(Beginning of Data)

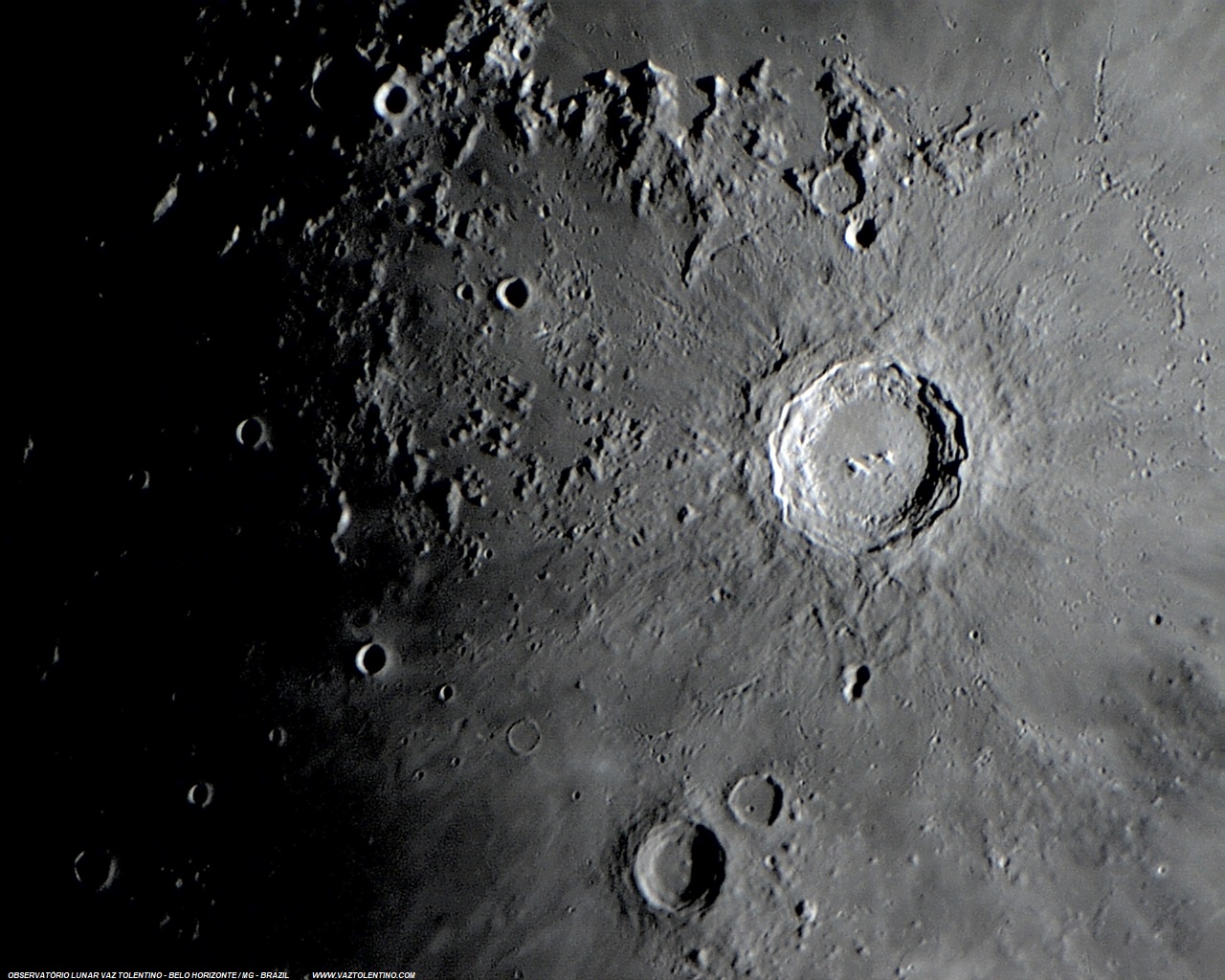 Foto: Pouco antes das fases quarto crescente e quarto minguante, COPERNICUS fica inteiramente preenchida por sombra negra, parecendo um grande buraco sem fundo. A foto mostra também as inúmeras crateras secundárias criadas pelos escombros ejetados pelo impacto que criou COPERNICUS. Foto executada por VTOL em 29 de maio de 2012, 20:10:10.
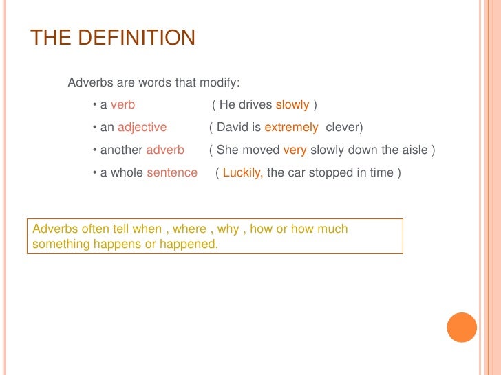Adverbs Tell When Where How And Why. When an adverb modifies a verb, it tells us how, when, where, why, how often, or how much the action is performed. It refers to a time expression.it means in/on which.
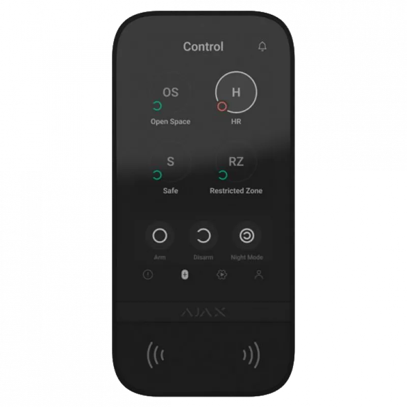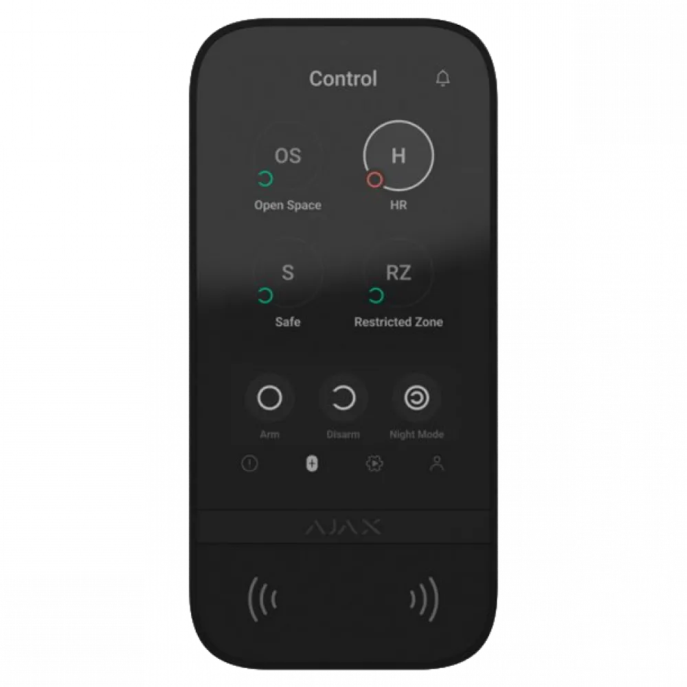 KeyPad TouchScreen успадковує інтерфейс додатків для смартфонів Ajax, забезпечує просту і знайому систему контролю. 5-дюймовий сенсорний екран дозволяє швидко отримати доступ до поточного режиму безпеки будь-якої групи. Він активується при піднесенні руки і має автоматичне регулювання яскравості. Клавіатура має звукову індикацію і може сповіщати про тривоги, затримках при вході/виході, відкритті дверей, коли система знімає з охорони. Гучність регулюється в приложенні Ajax. На клавіатурі також відображається результат перевірки цілісності системи та повідомлень про неполадки при постановці на охорону.

(End of Data)

*How to complete this task*
Transcribe the listing verbatim, pictures excluded.

*Expected answer*
 Foto: Pouco antes das fases quarto crescente e quarto minguante, COPERNICUS fica inteiramente preenchida por sombra negra, parecendo um grande buraco sem fundo. A foto mostra também as inúmeras crateras secundárias criadas pelos escombros ejetados pelo impacto que criou COPERNICUS. Foto executada por VTOL em 29 de maio de 2012, 20:10:10.
Adverbs Tell When Where How And Why. When an adverb modifies a verb, it tells us how, when, where, why, how often, or how much the action is performed. It refers to a time expression.it means in/on which.
 KeyPad TouchScreen успадковує інтерфейс додатків для смартфонів Ajax, забезпечує просту і знайому систему контролю. 5-дюймовий сенсорний екран дозволяє швидко отримати доступ до поточного режиму безпеки будь-якої групи. Він активується при піднесенні руки і має автоматичне регулювання яскравості. Клавіатура має звукову індикацію і може сповіщати про тривоги, затримках при вході/виході, відкритті дверей, коли система знімає з охорони. Гучність регулюється в приложенні Ajax. На клавіатурі також відображається результат перевірки цілісності системи та повідомлень про неполадки при постановці на охорону.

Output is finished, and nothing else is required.